##### Data records #####
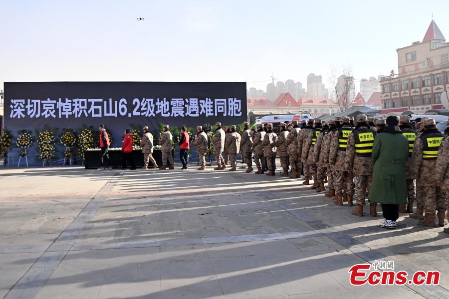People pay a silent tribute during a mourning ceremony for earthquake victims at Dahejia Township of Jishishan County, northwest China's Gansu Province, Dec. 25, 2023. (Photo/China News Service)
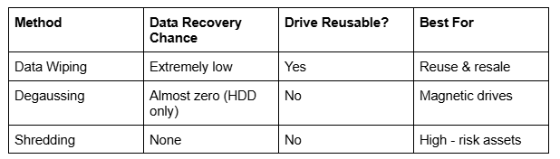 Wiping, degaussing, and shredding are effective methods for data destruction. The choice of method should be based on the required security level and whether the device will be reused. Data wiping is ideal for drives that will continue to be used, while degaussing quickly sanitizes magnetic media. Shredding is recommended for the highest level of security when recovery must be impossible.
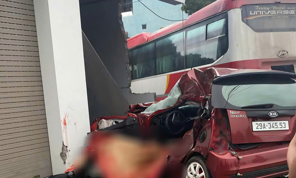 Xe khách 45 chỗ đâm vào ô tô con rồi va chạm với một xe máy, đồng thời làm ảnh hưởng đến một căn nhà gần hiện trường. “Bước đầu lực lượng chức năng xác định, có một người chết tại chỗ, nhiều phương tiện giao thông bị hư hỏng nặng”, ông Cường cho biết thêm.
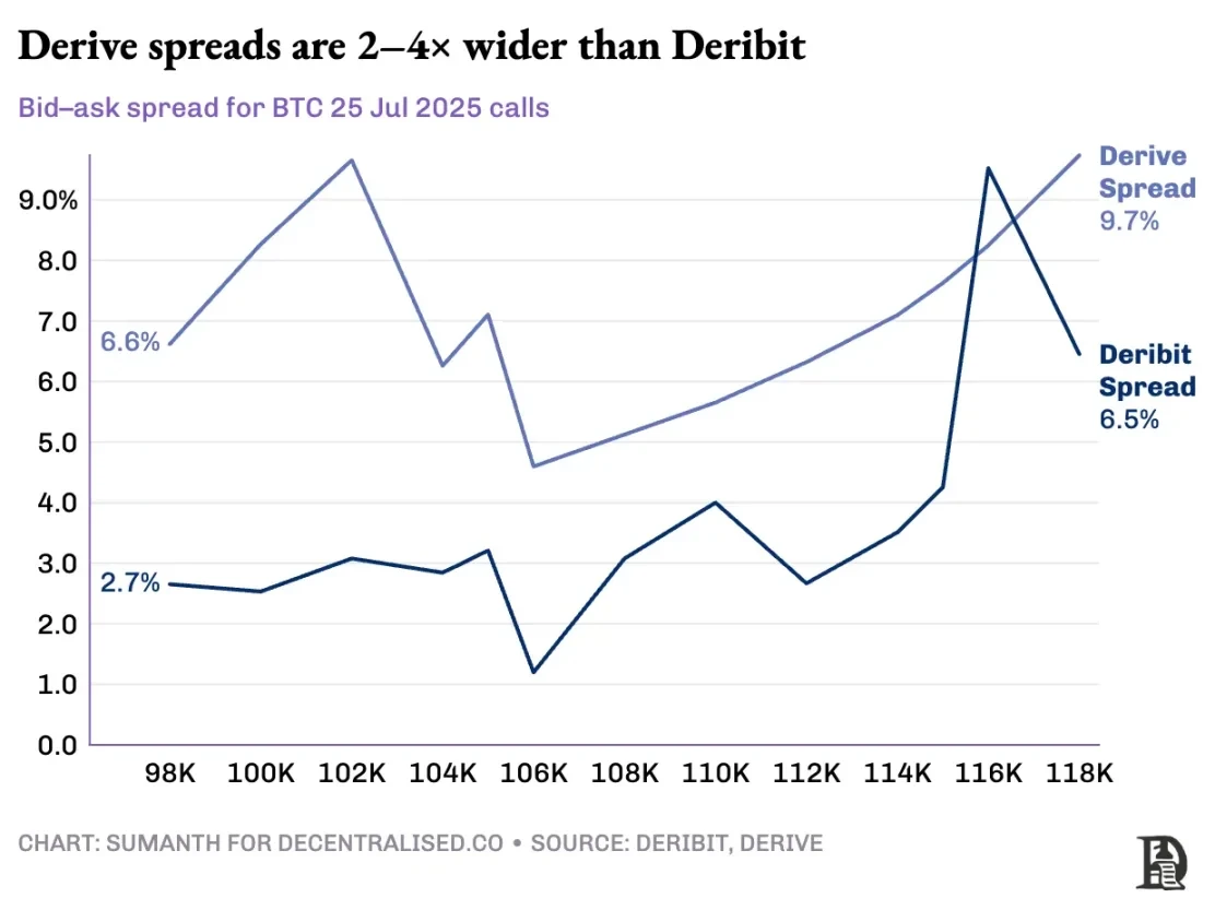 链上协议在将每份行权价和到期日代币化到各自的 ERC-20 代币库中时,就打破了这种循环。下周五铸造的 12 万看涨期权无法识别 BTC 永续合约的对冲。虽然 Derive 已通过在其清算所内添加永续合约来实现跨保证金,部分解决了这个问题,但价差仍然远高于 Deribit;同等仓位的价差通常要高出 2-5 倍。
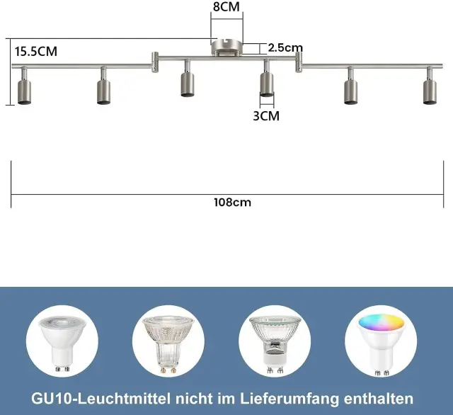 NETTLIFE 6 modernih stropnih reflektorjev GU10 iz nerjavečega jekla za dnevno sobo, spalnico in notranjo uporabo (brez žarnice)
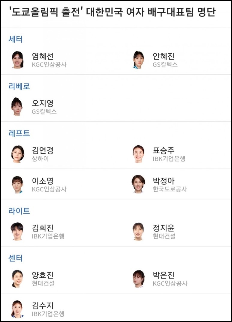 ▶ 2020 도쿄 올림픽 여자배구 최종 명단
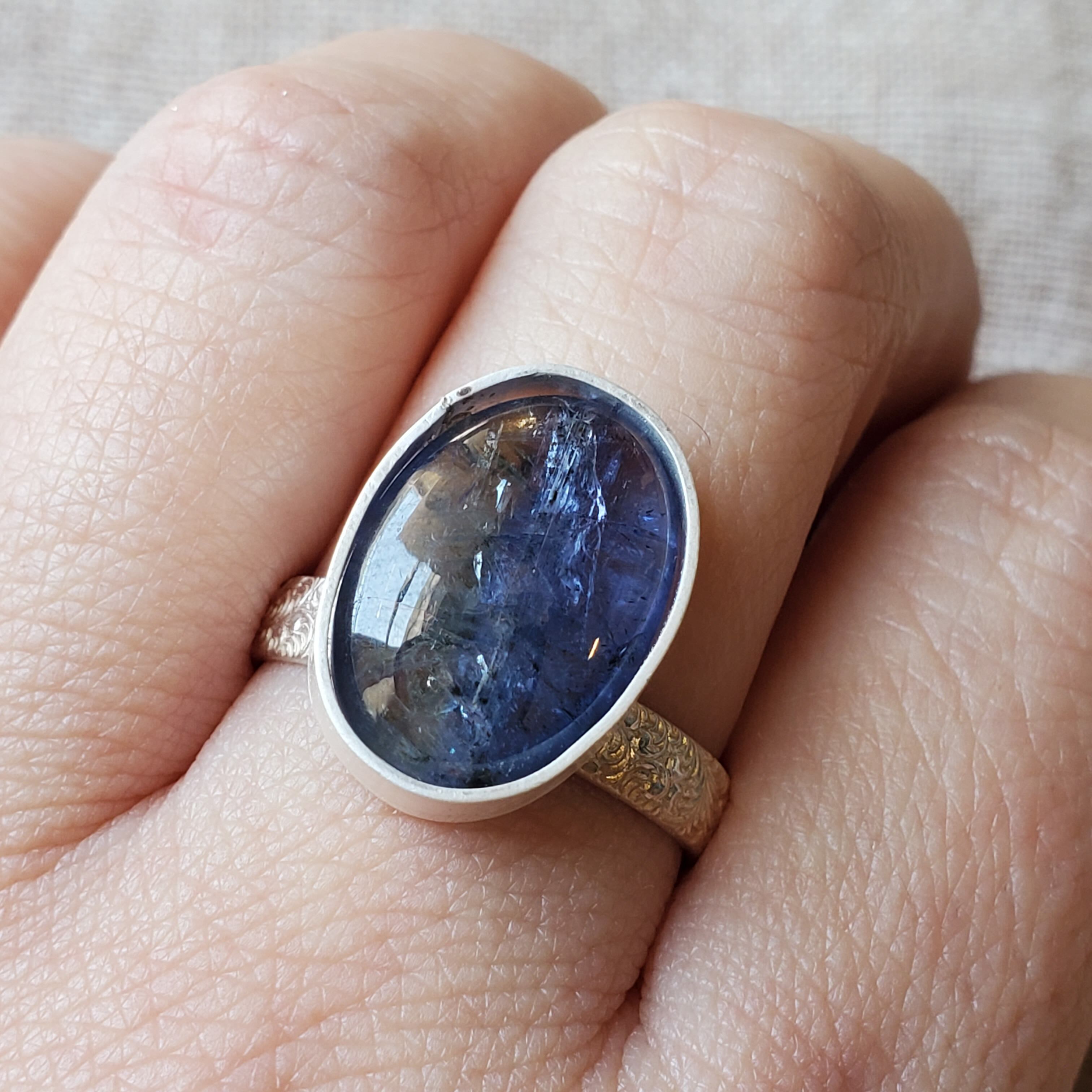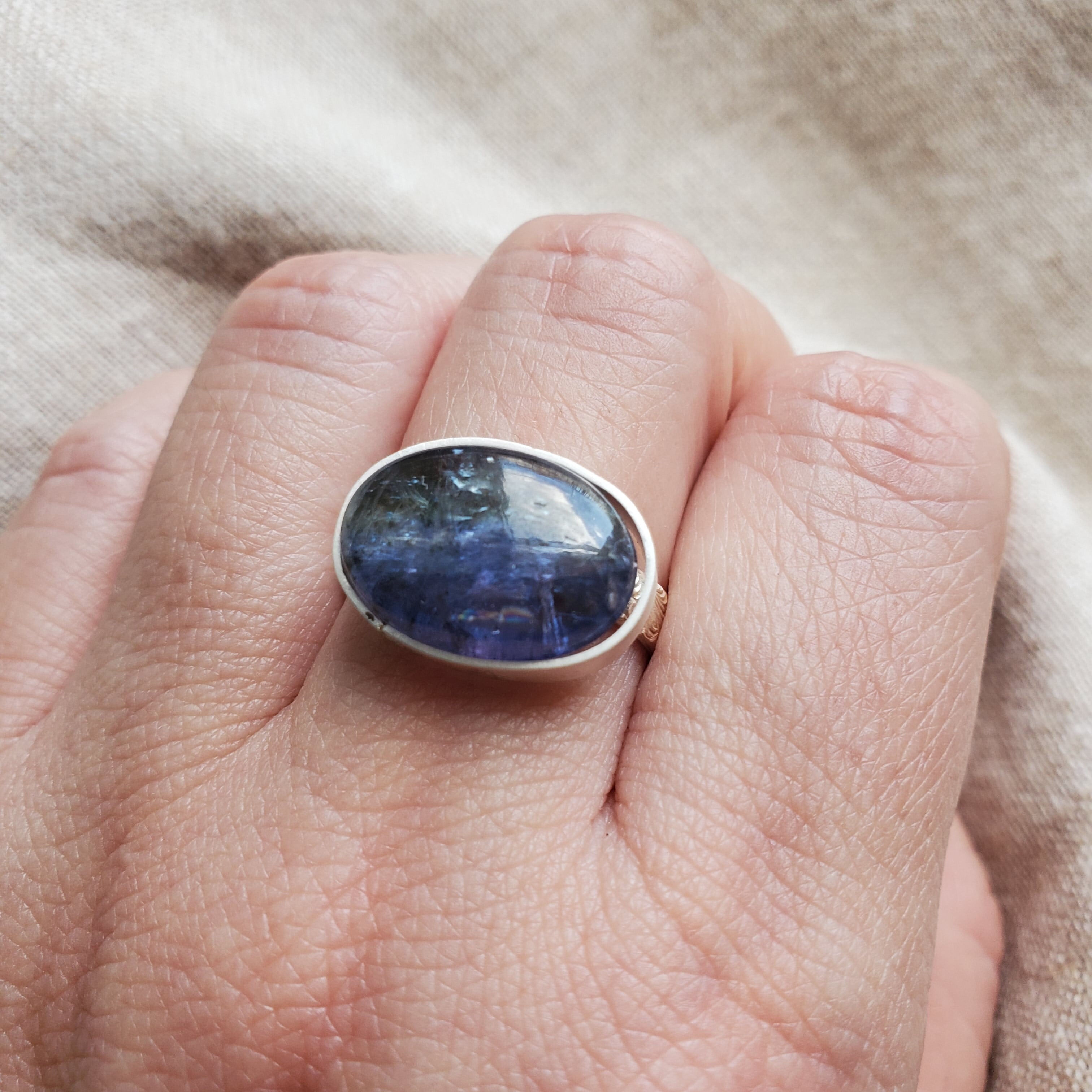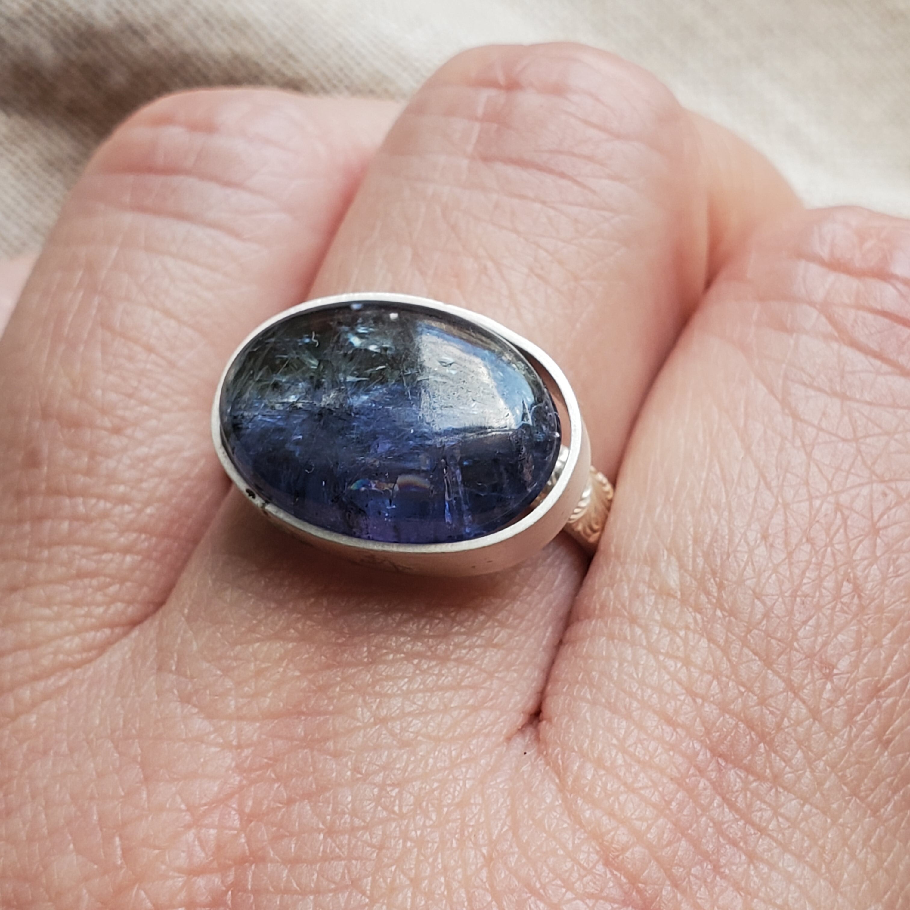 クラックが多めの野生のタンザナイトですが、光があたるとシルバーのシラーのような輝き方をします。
#####
Problem requirements: Repeat the whole of the material above exactly, but keep the pictures out.

Exercise solution:
People pay a silent tribute during a mourning ceremony for earthquake victims at Dahejia Township of Jishishan County, northwest China's Gansu Province, Dec. 25, 2023. (Photo/China News Service)
 Wiping, degaussing, and shredding are effective methods for data destruction. The choice of method should be based on the required security level and whether the device will be reused. Data wiping is ideal for drives that will continue to be used, while degaussing quickly sanitizes magnetic media. Shredding is recommended for the highest level of security when recovery must be impossible.
 Xe khách 45 chỗ đâm vào ô tô con rồi va chạm với một xe máy, đồng thời làm ảnh hưởng đến một căn nhà gần hiện trường. “Bước đầu lực lượng chức năng xác định, có một người chết tại chỗ, nhiều phương tiện giao thông bị hư hỏng nặng”, ông Cường cho biết thêm.
 链上协议在将每份行权价和到期日代币化到各自的 ERC-20 代币库中时,就打破了这种循环。下周五铸造的 12 万看涨期权无法识别 BTC 永续合约的对冲。虽然 Derive 已通过在其清算所内添加永续合约来实现跨保证金,部分解决了这个问题,但价差仍然远高于 Deribit;同等仓位的价差通常要高出 2-5 倍。
 NETTLIFE 6 modernih stropnih reflektorjev GU10 iz nerjavečega jekla za dnevno sobo, spalnico in notranjo uporabo (brez žarnice)
 ▶ 2020 도쿄 올림픽 여자배구 최종 명단
 クラックが多めの野生のタンザナイトですが、光があたるとシルバーのシラーのような輝き方をします。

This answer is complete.